Originally Posted by Demosa

your monitor interval is longer than your timeout intervals, so it sounds like you're running into Fencing.

Try changing the start and stop timeouts to something longer, and the monitor interval shorter, see if that fixes it. (30s monitor, 2m start/stop)

It works in different way:

monitor interval - is the interval for the health check command.
start/stop timeout - is the time period while cluster will wait for the response from the script. And if script does not return any result within this period cluster will consider it like a failure.
So, those parameters do not affect each other.

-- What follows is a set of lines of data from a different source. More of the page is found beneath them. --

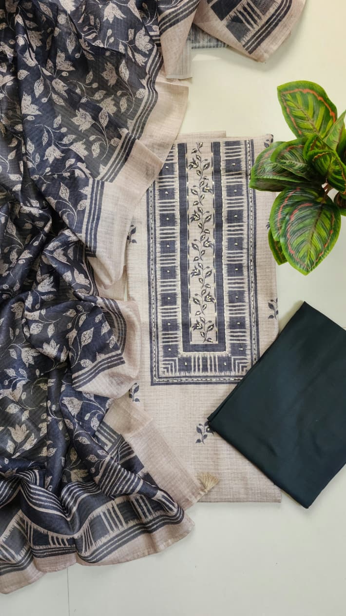 Top (2.50 meters) Beige linen chanderi neck and daman handcrafted -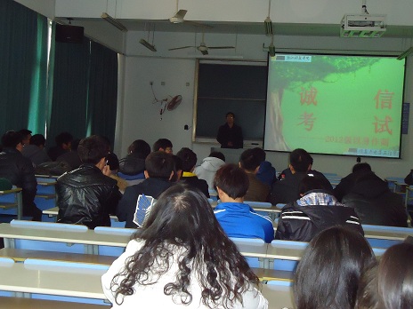 的相关规章及要求,信息学院2012级及2013级的试点班级专门为此开展了主题班会,重点强调了考试的纪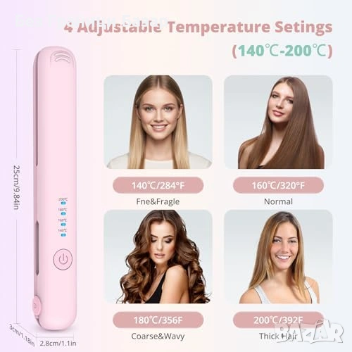 Нова бяла Мини безжична преса и маша за коса жени 2 в 1 4 температури
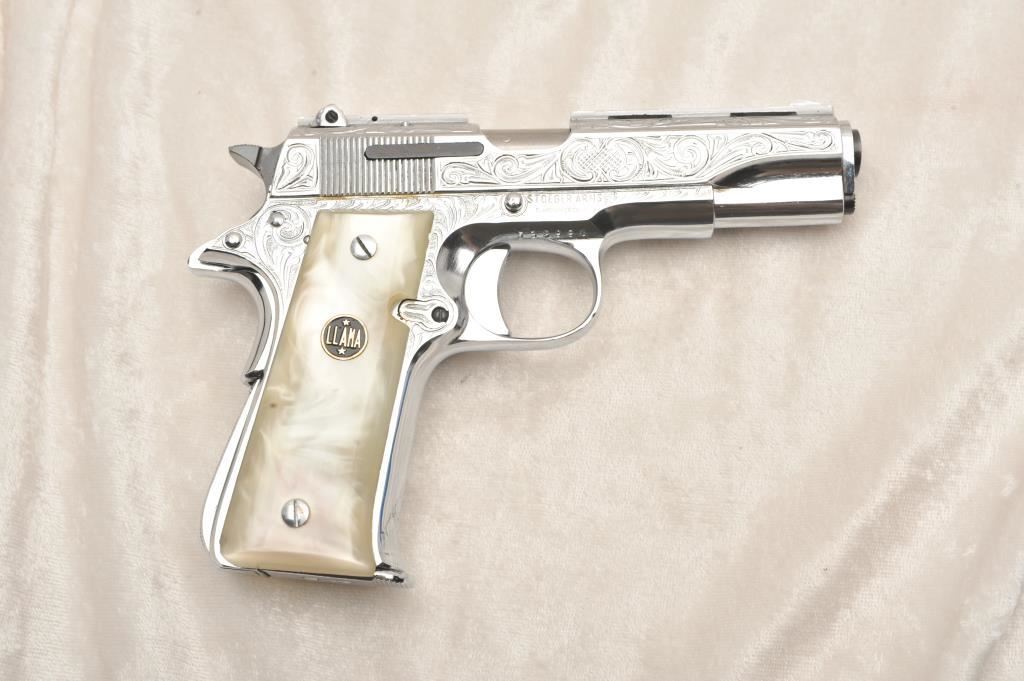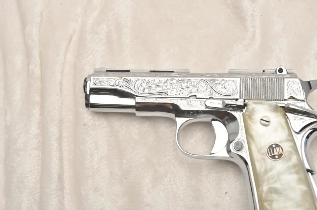 Llama IIIA #538996, 3 3/4" barrel, factory engraved and chrome plated, vent rib slide with faux pearl medallion grips. Pistol is in fine condition, very good bore, good action, grips are good with an old repair in the left grip panel. Manufactured in 1971. Includes faux alligator fitted case, original box and one correct magazine. (Modern / PPT). Est. $400-800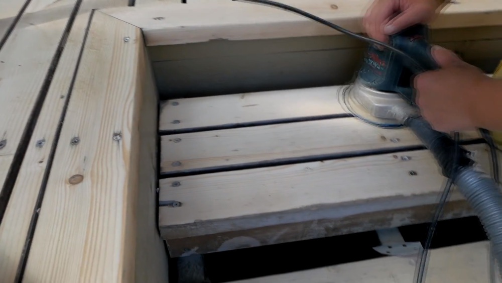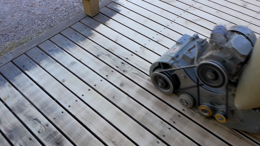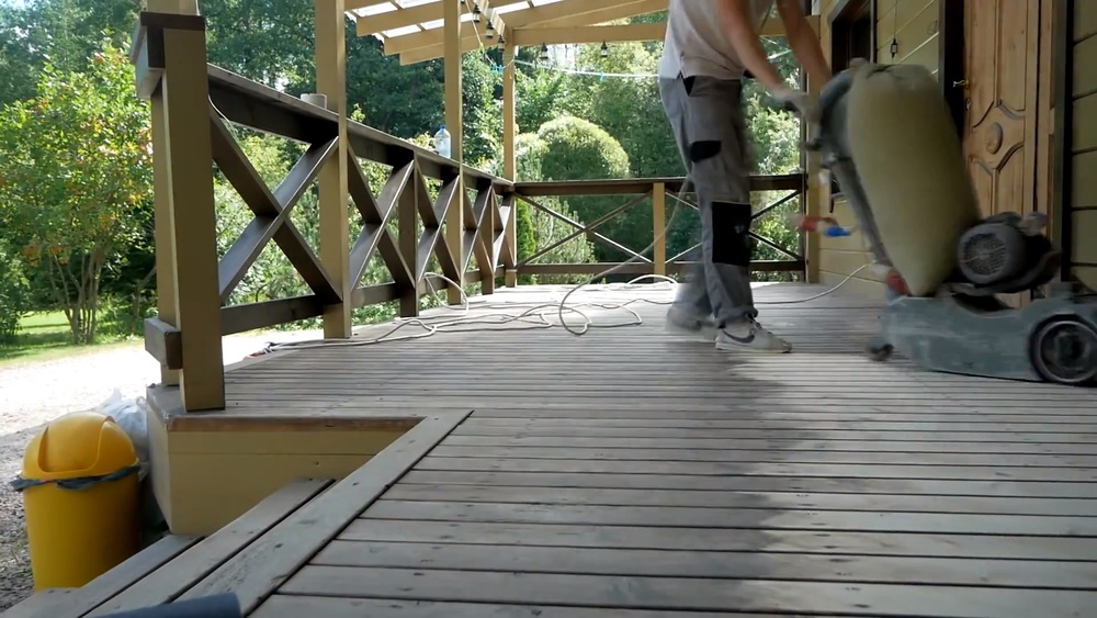 Шлифовка террасы выполняется по той же технологии, что и шлифовка паркета или других деревянных поверхностей. Для этих работ используются ленточные, угловые и дисковые машины.

With regard to my problem - I've found the reason.
I used "monitor" command for health check while the LSB-standard assumes "status" instead. I did this looking into corosync.log:

Quote:

Initiating monitor operation My_application_monitor_0 locally on Node2
Result of monitor operation for My_application on Node2: 7 (not running)
Initiating start operation My_application_start_0 locally on Node2
Result of start operation for My_application on Node2: 0 (ok)
Initiating monitor operation My_application_monitor_30000 locally on Node2
Result of monitor operation for My_application on Node2: 7 (not running)
Initiating stop operation My_application_stop_0 locally on Node2 | action 2
Result of stop operation for My_application on Node2: 0 (ok)

Pacemaker mainly works with OCF-standard where "monitor" command is used, but for LSB it sends "status" and writes "monitor" to the log file.

I just changed the "monitor()" function name to "status()" and it become stable. Actually, it was my fault since LSB-standard does not have "monitor" command in the specification.